LatinSquare

Latin squares is a Matrix with numbers 1 to n arranged vertically and horizontally without overlapping.
Sudoku's solution is that it divides the 9x9 Latin square into 3x3 blocks and places numbers 1 to 9 on the block without overlapping. There is 5.525x10²⁷ for the 9x9 Latin square(5524751496156892842531225600). The 9x9 Latin square with block constraint(Sudoku's solution) is 6.671x10²¹ and about 1/1,000,000 (6670903752021072936960).

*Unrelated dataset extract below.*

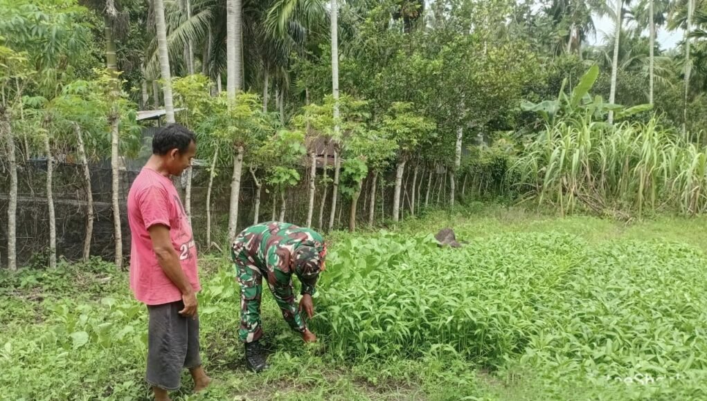 MEDIANAD.COM, SABANG – Dalam upaya mempererat hubungan dengan masyarakat sekaligus mendukung ketahanan pangan, Babinsa 02 Gampong Batee Shoek Koramil 02/Sukakarya Kodim 0112/Sabang, Sertu Budi Syahputra, melaksanakan kegiatan komunikasi sosial (Komsos) dengan menyambangi warga binaannya yang sedang memanen daun kangkung.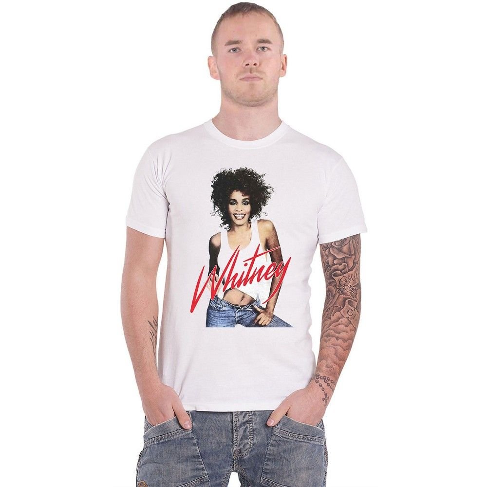 This white t-shirt features a photographic print of Whitney Houston with bold red text. Made from 100% ringspun cotton, it offers a soft touch and a classic fit. Ideal for casual wear, this tee is a stylish tribute to the iconic singer.

reference: Frazer Jarvis, June 20, 2005,Enumerating possible Sudoku grids,
http://www.afjarvis.staff.shef.ac.uk/Sudoku/Sudoku.pdf

Here, counting is not an objective, so you should remember only a lot of things (it is difficult if you do not devise some processing on the whole number)
i make a simple application to generate Latin square. Try running LatinSquareExer.

step 1

i want to eliminate essentially the same Latin Square, so fix the number in block 1 (upper left block). If we convert {a_k => k} to the whole square when the number of block 1 is {a_k | k=1-9}, the left square It can convert it.

step 2

Consider the numbers entering blocks B2 and B3. First is the case where {4,5,6} is in the first line of block B2.{} Means that the order is arbitrary. If the first row of Latin square block B2 is "4,5,6", even if column C4, C5, C6 is arbitrarily exchanged, it is Latin squares. At this time, the first line of block B3 is determined as {7,8,9}. Further, the third line of the block B2 becomes {1,2,3}, and the second line {7,8,9} of the block B2. After all, if the first line of block B2 is {4,5,6}, all of blocks B2 and B3 are determined. The same is true when the first line of block B2 is {7, 8, 9}. Likewise, the case where the first line of block B2 is {7,8,9} is determined. Let this pattern be "456,789" type.
Since {abc} is arranged in six ways (3!) (abc,acb,bac,bca,cab,cba), there are 2x(3!)⁶=93,312 types.

step 3

Next is the case where the first line of block B2 is {4,5,7}. The first line of B3 is {6,8,9}. When {a,b,c}={1,2,3}, the second line of block B2 is {8,9,a}, and the third line of B2 is {6,b,c}. And the second line of block B3 is {7,b,c}, and the third line of B3 is {4,5,a}. There are 3 ways of selecting abc with combination ₃C₁.
Let this pattern be "456,689" type.
There are 9 patterns in the first line of the block B2.
({4,5,7},{4,5,8},{4,5,9},{4,6,7},{4,6,8},{4,6,9},{5,6,7},{5,6,8},{5,6,9})
"457, 689" type there are 2x9x3x(3!)⁶ = 2,519,424 types.

step 4

For blocks B4 and B7, we can also determine patterns as in steps 2 and 3.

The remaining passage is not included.